1958 song written by Chips Moman

"This Time" is a song written by Chips Moman, which was first recorded by Thomas Wayne and was released as a single on the Fernwood Records label in March 1958. On March 31, 1958, the song was released on the Mercury Records label, as the B-side of "You're The One That Done It".

==Background==
This song is about rejection, and breaking up of a love relationship with a girl, who is leaving and going away for unknown reasons, except for saying too much. The singer states that there will be no more love and affection, including a goodnight kiss, because he is losing the girl.

==Troy Shondell version==

In 1961, Troy Shondell released a version of the song, which became an international hit. Shondell's version was released on the Goldcrest Records label, and was later leased to Liberty Records for distribution. Shondell's version spent 13 weeks on the Billboard Hot 100 chart, peaking at No. 6, while reaching No. 4 on Norway's VG-lista, No. 4 on Canada's CHUM Hit Parade, No. 8 on New Zealand's "Lever Hit Parade", No. 18 on the United Kingdom's New Musical Express chart, and No. 22 on the United Kingdom's Record Retailer chart.

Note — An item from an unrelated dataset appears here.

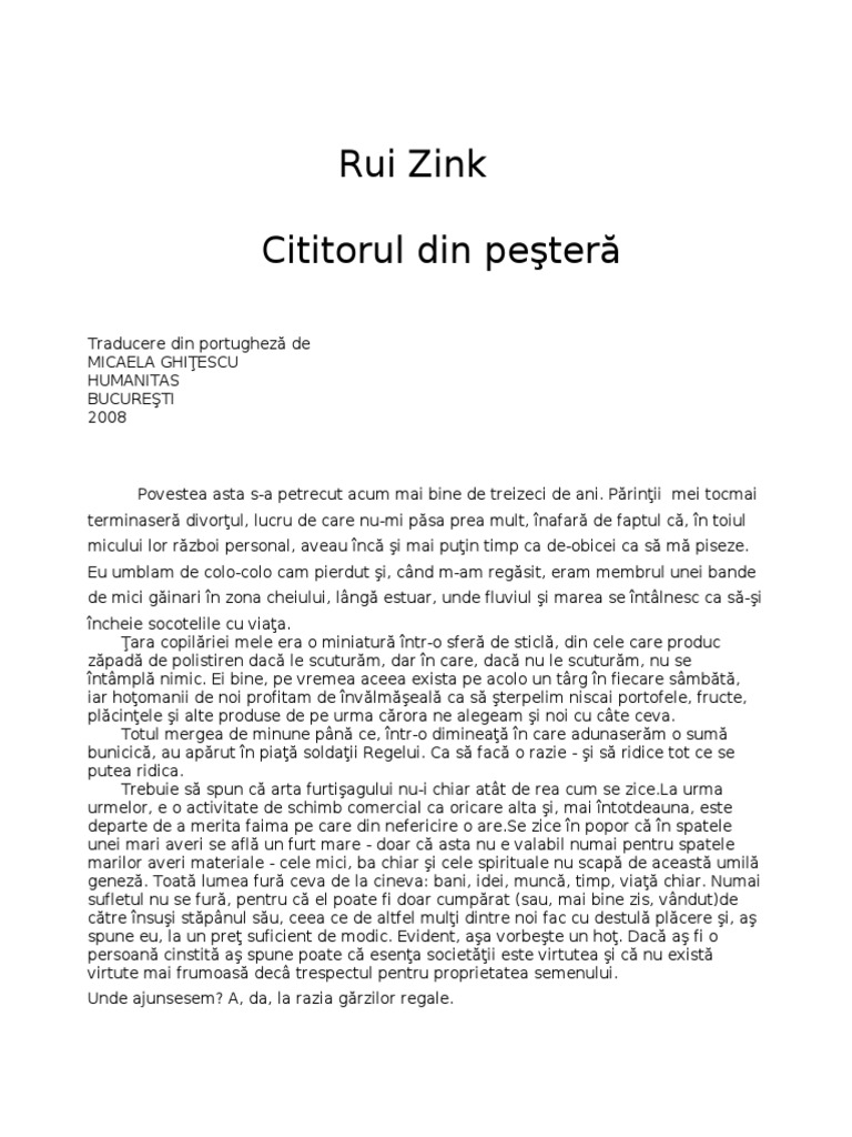 Cititorul Din Pestera De Rui Zink Rezumat

The song begins and ends with Spanish guitar strums. Those strums were borrowed for the ending of the instrumental surfing song "Mr. Rebel", by Eddie and the Showmen (1962).

===Chart performance===

| Chart (1961–1962) | Peak position |
|---|---|
| US Billboard Hot 100 | 6 |
| Norway - VG-lista | 4 |
| Canada - CHUM Hit Parade | 4 |
| New Zealand - Lever Hit Parade | 8 |
| UK - New Musical Express | 18 |
| UK - Record Retailer | 22 |

==Other recordings==
- In 1981, Shakin' Stevens included a cover on his Shaky LP.